General Vocabulary and Terms

April 14, 2026

Core power terms

  • FPS (Feet Per Second): How fast a dart leaves the barrel; the default way players describe how “hot” a blaster is shooting.
  • Joules / energy cap: A power limit expressed as energy instead of speed, often used when dart weights vary so different ammo types can be compared fairly.
  • Cap (FPS / joule cap): The maximum allowed power for a given game or class that your blaster must stay under to be field‑legal.

Blaster roles

  • Primary: Your main blaster for a game or event, usually the largest or most capable platform in your loadout.
  • Secondary / sidearm: A smaller backup blaster, typically carried in a holster, used when the primary is empty, jammed, or awkward for close quarters.
  • Loaner / backup: Extra blaster kept on hand for new players, emergencies, or as a spare if something breaks mid‑event.

Blaster types

  • Springer (spring‑powered): A blaster where you manually prime a spring and the spring pushes air to fire the dart; valued for simple internals and consistent performance.
  • Flywheel (flywheeler): A blaster that uses electric motors to spin two wheels; the dart is pushed between them and flung out, enabling semi‑auto or full‑auto fire at the cost of batteries and more maintenance.
  • Air‑powered / tanked: A design where you pump air into a tank and release it in one shot; more common in older models and custom builds than in current retail lines.

Ammo formats

  • Full‑length dart: Classic “Nerf‑sized” foam dart that most stock blasters are designed around, widely available and common in casual play.
  • Half‑length dart (short dart): Shorter dart format heavily used in modern hobby and competitive blasters, often paired with tighter barrels and higher FPS tuning.
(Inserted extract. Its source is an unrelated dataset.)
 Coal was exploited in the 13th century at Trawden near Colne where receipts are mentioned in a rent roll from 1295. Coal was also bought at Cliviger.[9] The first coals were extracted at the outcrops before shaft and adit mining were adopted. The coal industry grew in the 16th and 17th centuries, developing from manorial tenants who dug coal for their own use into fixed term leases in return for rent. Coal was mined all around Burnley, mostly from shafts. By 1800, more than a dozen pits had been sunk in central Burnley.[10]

Event types and game styles

  • Backyard / casual war: Informal games with friends or family, rules agreed on at the start, typically using stock or lightly modded blasters.
  • NIC war: Organized meetup run by the Nerf Internet Community, usually featuring higher‑power customs or hobby blasters, written rules, and chrono checks.
  • Superstock: Events focused on modded but still recognizable “blaster‑shaped” gear, with defined FPS limits and standard rubber‑tipped darts.
  • HvZ (Humans vs Zombies): Large‑area or campus game where humans use blasters and throwables to survive missions while zombies tag by touch to convert new zombies.
  • Team Deathmatch (TDM): Two teams trading tags in short rounds; win condition is usually most eliminations or last team standing.
  • Free‑for‑all (FFA): Everyone versus everyone, often played as last player standing or short timed rounds.
  • Capture the Flag (CTF): Teams attempt to steal and return one or more flags to their own base while staying within hit and respawn rules.
  • Objective / mission game: Any scenario built around tasks such as holding zones, escorting a VIP, pushing a payload, or defending/attacking a base.

Safety shorthand

  • Eye‑pro: Impact‑rated eye protection (glasses or goggles) worn during play to prevent darts from striking bare eyes.
  • Bright, clearly toy‑colored blasters: Blasters kept in obviously toy‑like colors (bright shells, orange tips) rather than realistic paint schemes, to reduce the risk of someone in public mistaking them for real firearms.